Infine, sebbene il contesto di crescita dei rendimenti abbia offerto una pausa temporanea al più ampio mercato ribassista del dollaro, secondo Villamin con la spesa fiscale statunitense destinata ad accelerare ancora, c’è da aspettarsi una nuova pressione sul biglietto verde. “Questo- conclude – favorirà la nostra esposizione all’euro, alla sterlina e al renminbi, nonché al dollaro australiano tra le valute cicliche”.
Gli esperti del team corporate investment grade di Loomis Sayles (Natixis IM) sono più ottimisti e vedono rosa per il segmento investment grade nei prossimi mesi, a patto di saper selezionare i nomi giusti. “Pur riconoscendo come le valutazioni possano sembrare ‘piene’ su base storica – scrivono -, pensiamo che gli spread investment grade abbiano la possibilità di continuare a restringersi leggermente all’interno di uno scenario di ripresa. Prevediamo che il mercato investment grade beneficerà della diffusione dei vaccini, del miglioramento dell’economia e di un ulteriore sostegno fiscale. Crediamo anche che assisteremo ad un miglioramento graduale, ma costante, dei fondamentali del credito, dato che le società si stanno concentrando sulla riparazione dei propri bilanci”.

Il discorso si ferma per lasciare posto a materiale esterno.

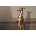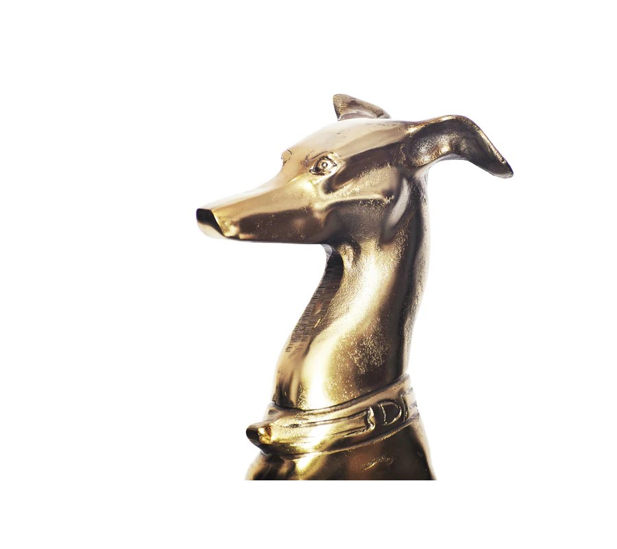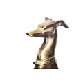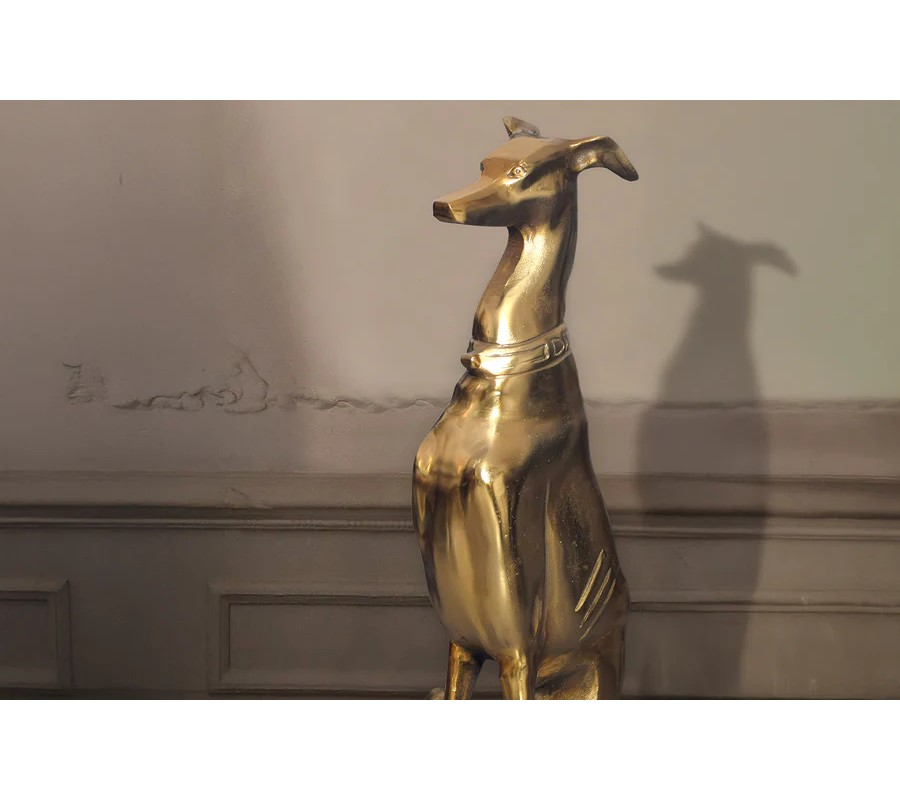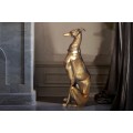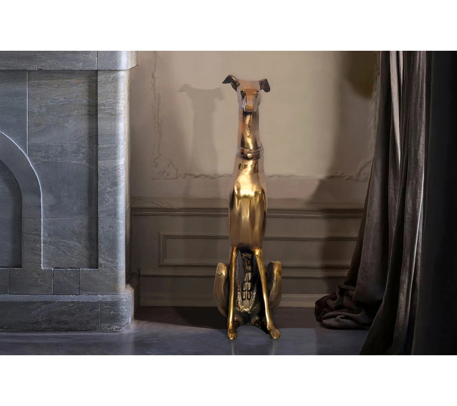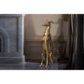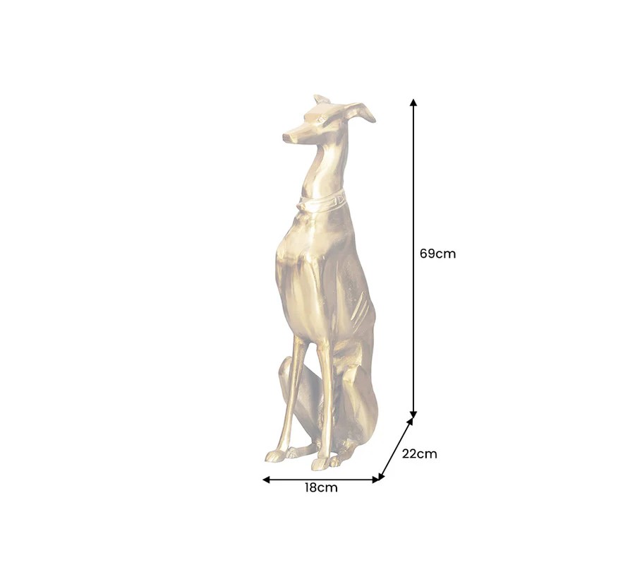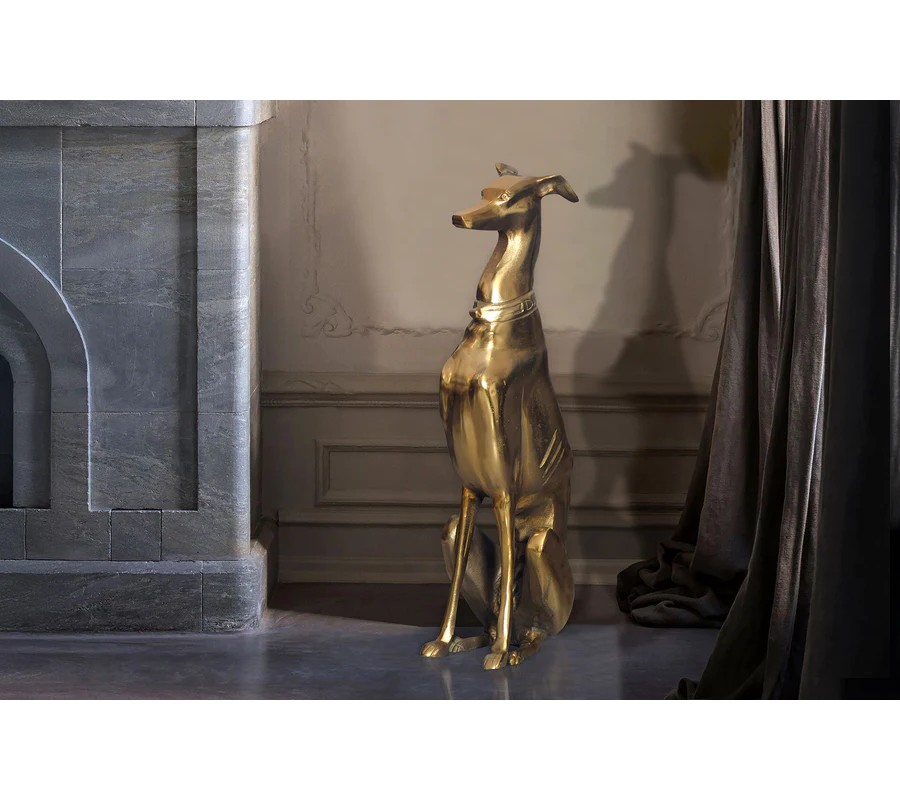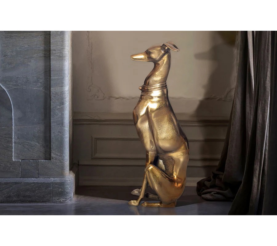 Vysoká socha psa Nartas v polohe sedu je luxusná dekorácia vyrobená z kovu v zlatej farbe s lesklým povrchom. Socha zachytáva eleganciu a vznešenosť chrta, konkrétne greyhounda, známeho svojou štíhlou, atletickou postavou a aristokratickým držaním tela. Detailne prepracované línie tela, dlhý, elegantný krk a výrazný obojok dodávajú soche sofistikovaný vzhľad, ktorý dokonale zapadne do glamour a art deco interiérov.
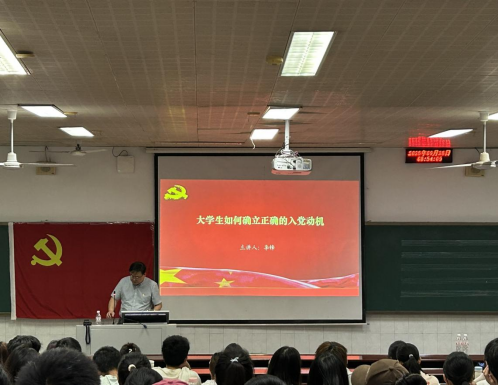 开班典礼结束后,外国语学院党委书记李峰老师围绕“新时期大学生如何端正入党动机”为入党积极分子授课。
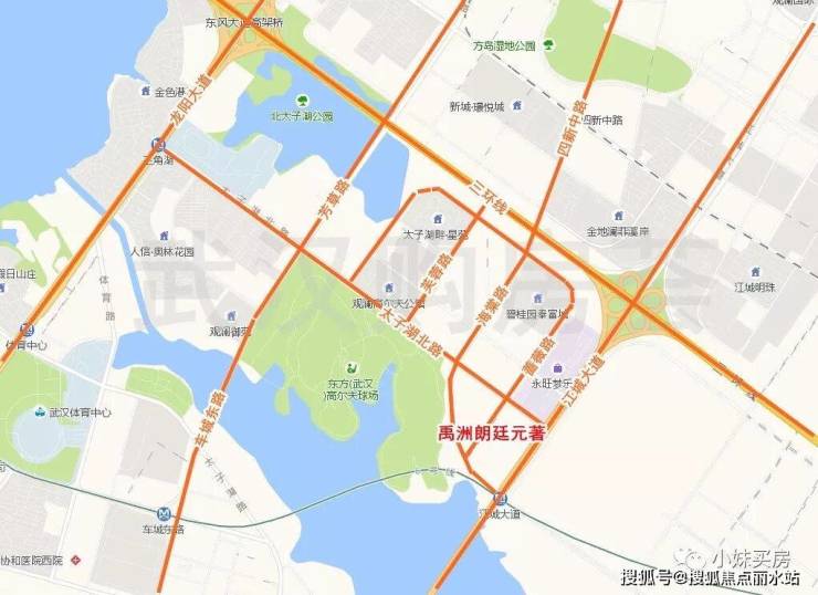 禹洲朗廷元著从大区位上看,位于武汉经济开发区北侧,靠近三环线。具体位置位于江城大道与太子湖北路交汇处。

Anche la solidità della dinamica domanda/offerta dovrebbe rappresentare un ulteriore sostegno. L’emissione di corporate bond potrebbe diminuire significativamente nel corso del 2021 dopo il record dell’anno scorso e per gli esperti gli investitori continueranno ad essere presenti sul credito statunitense, che attualmente offre rendimenti relativamente più alti rispetto ai mercati sviluppati in Europa e Asia.

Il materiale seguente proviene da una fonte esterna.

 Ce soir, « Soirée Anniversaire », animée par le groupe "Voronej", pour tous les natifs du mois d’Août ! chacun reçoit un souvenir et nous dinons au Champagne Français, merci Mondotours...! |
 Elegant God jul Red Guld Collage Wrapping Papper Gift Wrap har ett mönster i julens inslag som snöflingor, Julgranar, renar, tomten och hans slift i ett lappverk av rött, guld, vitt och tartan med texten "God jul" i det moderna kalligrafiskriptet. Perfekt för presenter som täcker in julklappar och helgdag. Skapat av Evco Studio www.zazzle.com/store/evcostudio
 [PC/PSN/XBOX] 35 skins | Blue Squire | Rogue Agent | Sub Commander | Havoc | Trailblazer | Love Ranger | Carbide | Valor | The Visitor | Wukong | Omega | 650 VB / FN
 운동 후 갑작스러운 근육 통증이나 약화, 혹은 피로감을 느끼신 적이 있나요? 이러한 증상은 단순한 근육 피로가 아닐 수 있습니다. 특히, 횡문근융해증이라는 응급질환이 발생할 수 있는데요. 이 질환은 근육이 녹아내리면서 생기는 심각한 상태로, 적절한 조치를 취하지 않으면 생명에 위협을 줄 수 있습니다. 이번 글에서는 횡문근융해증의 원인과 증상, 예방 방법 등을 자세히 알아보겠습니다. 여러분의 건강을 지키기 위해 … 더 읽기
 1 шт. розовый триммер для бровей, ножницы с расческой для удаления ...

Quanto ai settori da privilegiare, quelli colpiti dalla pandemia continuano ad offrire uno spread aggiuntivo rispetto al mercato, ma anche gli spread delle obbligazioni degli emittenti maggiormente colpiti si sono notevolmente ristretti. “Crediamo che la selezione del credito rimanga fondamentale – avvertono – e preferiamo quei crediti che mostrano una liquidità superiore della media e profili di scadenza gestibili. La nostra attenzione, tuttavia, si sta spostando su ciò che le aziende faranno con la liquidità e il debito accumulati. Al momento privilegiamo aziende e settori che stanno mostrando l’intenzione e la capacità di risanare i propri bilanci. Le agenzie di rating hanno mostrato una certa indulgenza per tutto il 2020, optando per un approccio attendista in molti casi, ma ci aspettiamo che adottino una linea più rigorosa nel corso di quest’anno”.

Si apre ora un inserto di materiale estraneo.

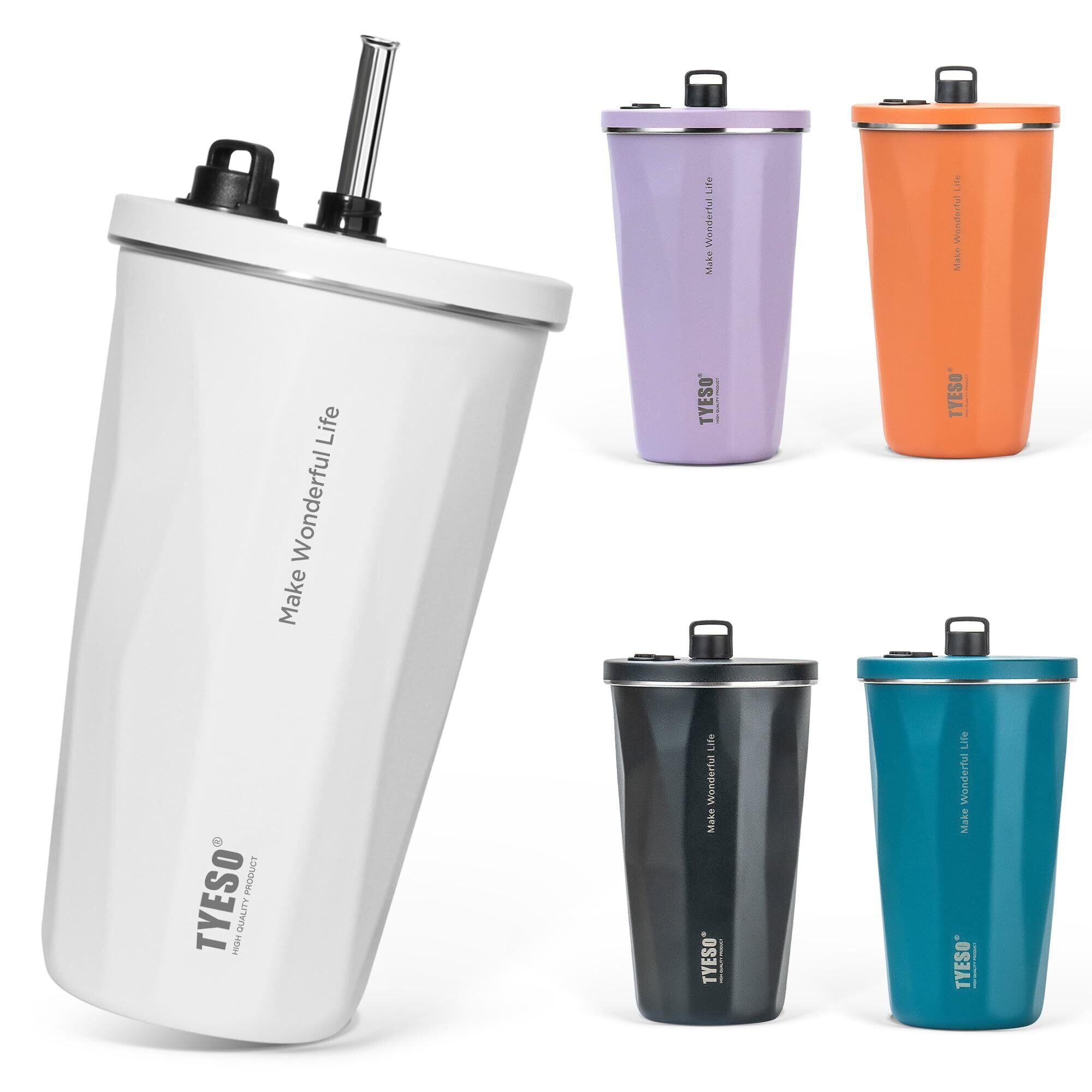 【人気商品】TYESO タンブラー ストロー付き ステンレス 広口 真空断熱 ホームオフィス アウトドア 多色 保温 保冷 ふた付き 600ml 大容量 女の子 男の子
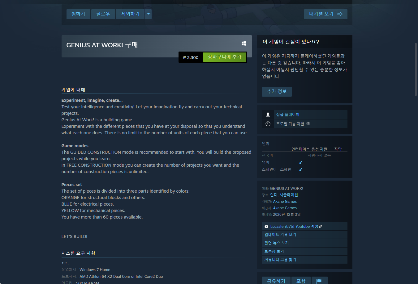 - "GENIUS AT WORK! " 스팀 Steam 페이지
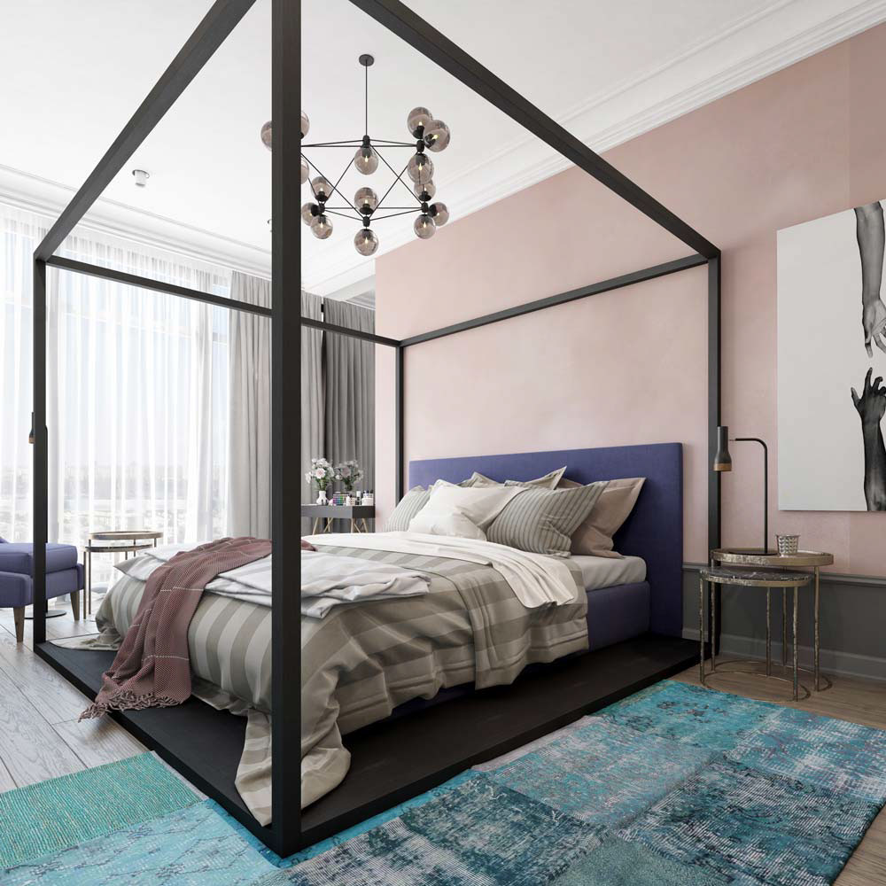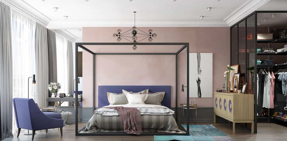 Модерна и релаксираща – главната спалня варира в спектъра от синьо до лилава лавандула. Спалнята е харизматична и уютна.
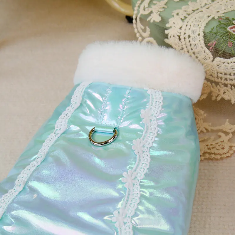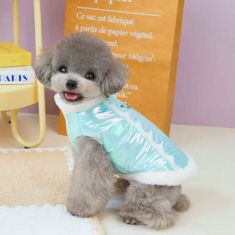 Abrigo de invierno de lujo para perro, decoración de encaje de princesa, chaleco acolchado de algodón rosa brillante y azul, chaqueta para perros pequeños y medianos, ropa cálida para mascotas y gatos
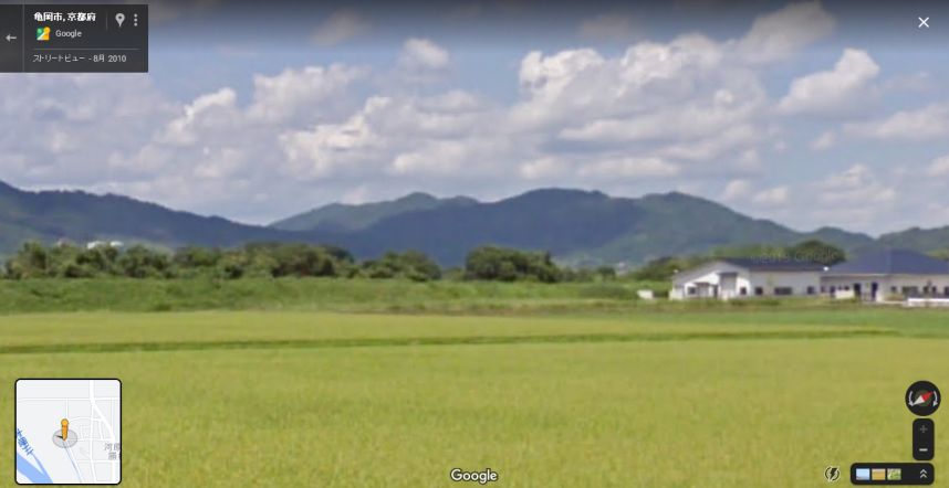 | 「河原林町勝林島岩渕」から取得したグーグルのストリートビューの画像。本編撮影は耕地整理前だったのであろう。 ↓ |

Tre i principali rischi da monitorare: quelli legati a diffusi e significativi lockdown in giro per il mondo sulla base dell’aumento dei contagi, quelli relativi ad uno stimolo ulteriore sotto la presidenza Biden che si possa rivelare minore rispetto alle attese e possibili delusioni per quanto riguarda l’esecuzione dei piani vaccinali oppure un’efficacia dei vaccini stessi inferiore alle attese. “Anche se il cammino di ripresa si dispiegherà secondo le aspettative, le aziende potrebbero non riuscire a portare avanti la riduzione della leva finanziaria in un contesto economico in miglioramento e con un’ampia liquidità – concludono da Loomis Sayles -. In particolare, una potenziale rinascita di fusioni e acquisizioni potrebbe rallentare il risanamento dei bilanci e portare ad un flusso di nuove emissioni più alto del previsto”.